Raw data:
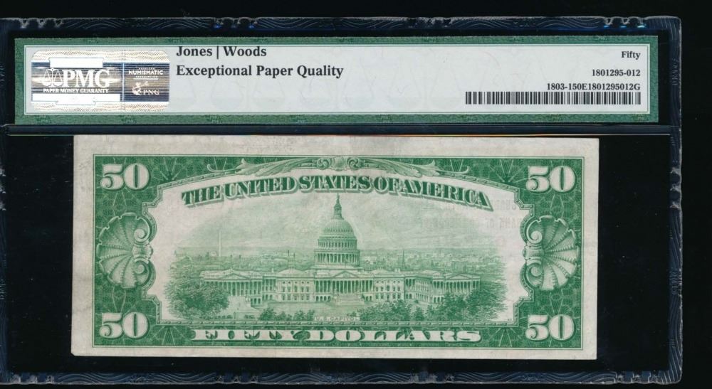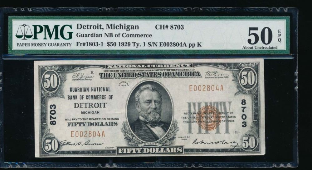 One 1929 $50 Guardian National Bank Note PMG 50EPQ.
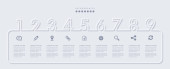 Wektor elegancki prosty wyrafinowany styl infografika projekt UI szablon 9 etykiet i ikon cyfr. Idealny do prezentacji koncepcji biznesowych baner układ przepływu pracy i schemat procesu.
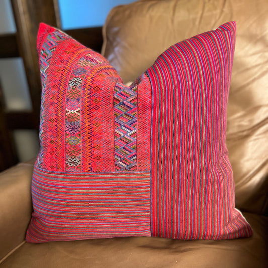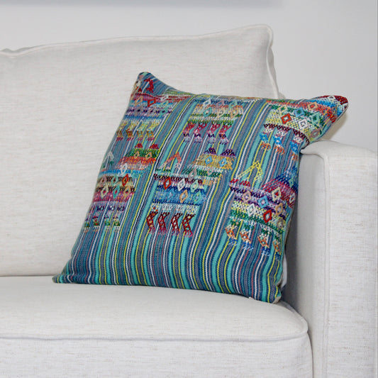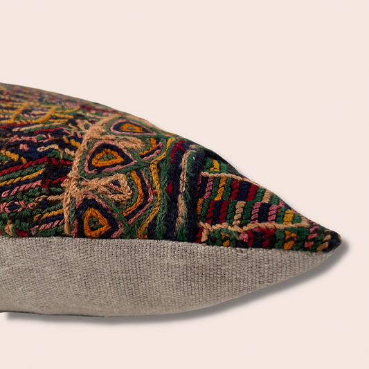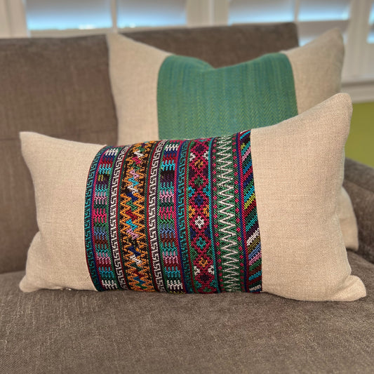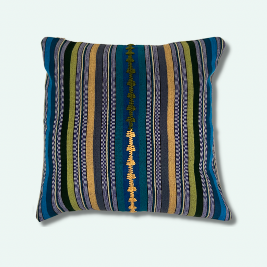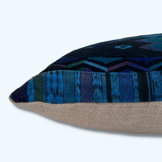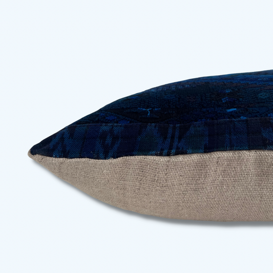 Handwoven Color Block & Hemp Pillow - Navy & Blue
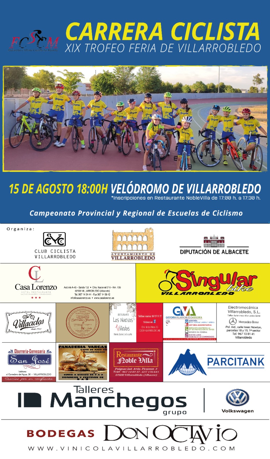 El Trofeo Feria de Villarrobledo para escuelas cumple el martes 15 de agosto diecinueve ediciones apoyando el ciclismo base de Castilla-La Mancha enmarcado en las fiestas patronales de esta localidad albaceteña que se celebrarán del 14 al 18 de agosto. La competición está integrada en el Trofeo Federación regional para escuelas y es puntuable además para el Campeonato en Edad Escolar de Albacete.
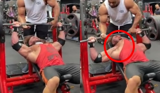 根據影片內容,克勞力身旁有一名教練輔助訓練,進行220公斤的臥推時,突然右側胸肌向中間隆起,讓他大聲哀嚎後從器材上摔落,緊急送醫。
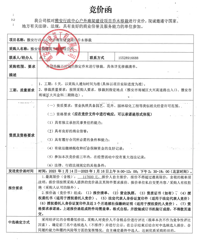 雅安行政中心戶外廊架建設(shè)項(xiàng)目喬木移栽競(jìng)價(jià)公告
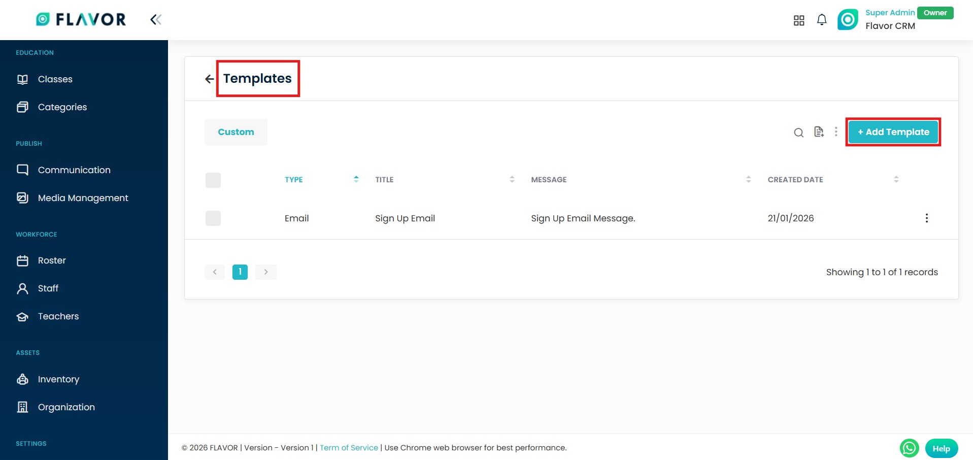 - From the Templates section, click on the Add Template option at the top right.
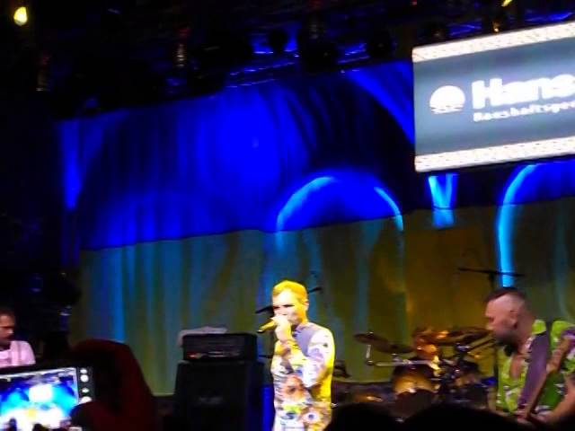 "Вопли" появились на сцене, украшенной национальным флагом, и начали: "Шоб таке зробити, коли нема роботи..." Публика овациями восприняла появление Олега Скрипки, который как всегда солировал то на трубе, то на баяне "дуже майстерно".
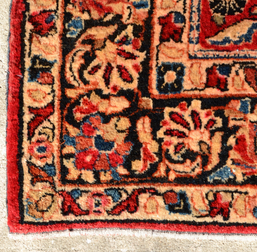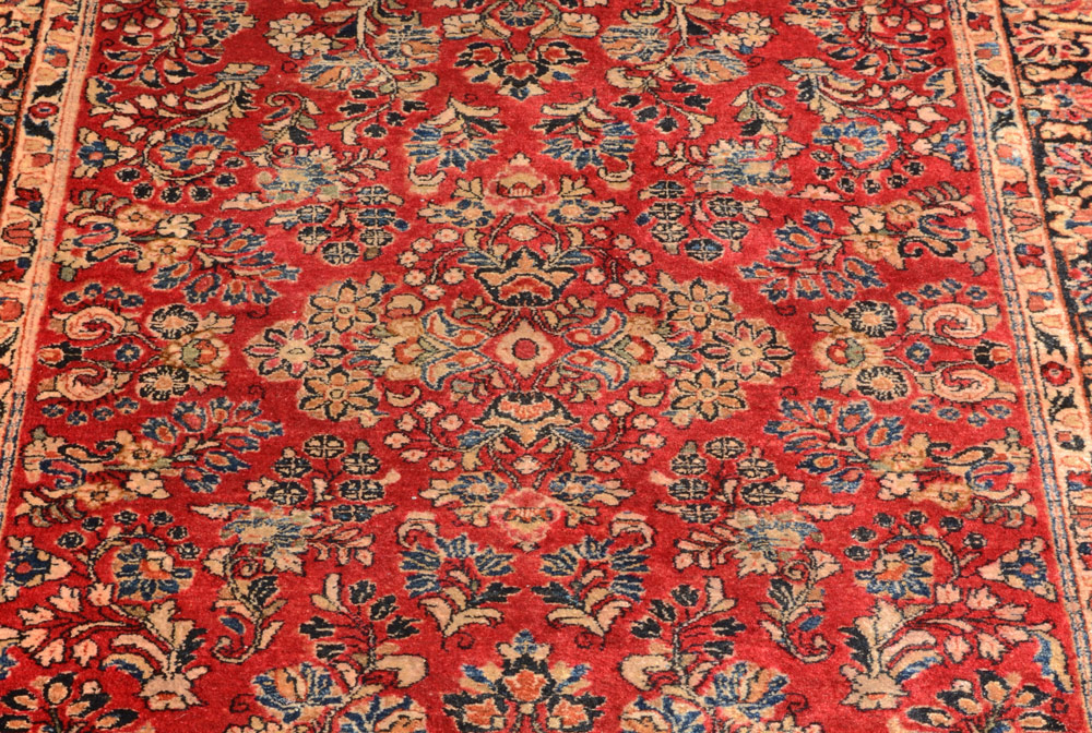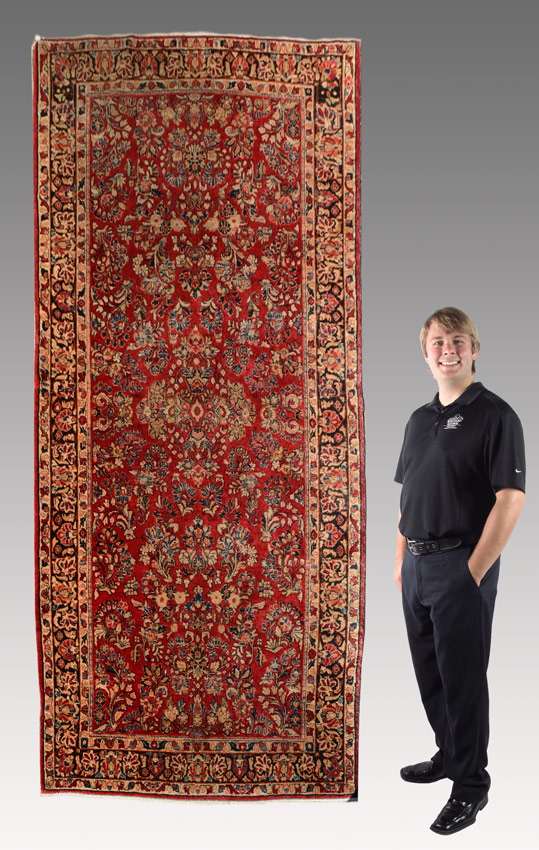 SEMI-ANTIQUE PERSIAN HAND KNOTTED WOOL RUG, 5' 2'' x 10' 2'': This unusual sized Sarouk is a gallery or corridor shape that in the old days would have been used in an oversized hallway that also served as the family ''gallery'' of portraits of ancestors. Today, this shape is great for defining a sitting area in a larger room. This is a beautiful, ''meaty'' Sarouk with a lively interpretation of the flower sprays, but with a slightly more open field. The red ground and the others colors are clear and the design is well drawn.

What you are asked to do:
Leaving out the pictures, restate each line of the listing above verbatim, from the opening line to the line bearing "на сцене, украшенной", inclusive, and no more.

Response to the exercise:
 One 1929 $50 Guardian National Bank Note PMG 50EPQ.
 Wektor elegancki prosty wyrafinowany styl infografika projekt UI szablon 9 etykiet i ikon cyfr. Idealny do prezentacji koncepcji biznesowych baner układ przepływu pracy i schemat procesu.
 Handwoven Color Block & Hemp Pillow - Navy & Blue
 El Trofeo Feria de Villarrobledo para escuelas cumple el martes 15 de agosto diecinueve ediciones apoyando el ciclismo base de Castilla-La Mancha enmarcado en las fiestas patronales de esta localidad albaceteña que se celebrarán del 14 al 18 de agosto. La competición está integrada en el Trofeo Federación regional para escuelas y es puntuable además para el Campeonato en Edad Escolar de Albacete.
 根據影片內容,克勞力身旁有一名教練輔助訓練,進行220公斤的臥推時,突然右側胸肌向中間隆起,讓他大聲哀嚎後從器材上摔落,緊急送醫。
 雅安行政中心戶外廊架建設(shè)項(xiàng)目喬木移栽競(jìng)價(jià)公告
 - From the Templates section, click on the Add Template option at the top right.
 "Вопли" появились на сцене, украшенной национальным флагом, и начали: "Шоб таке зробити, коли нема роботи..." Публика овациями восприняла появление Олега Скрипки, который как всегда солировал то на трубе, то на баяне "дуже майстерно".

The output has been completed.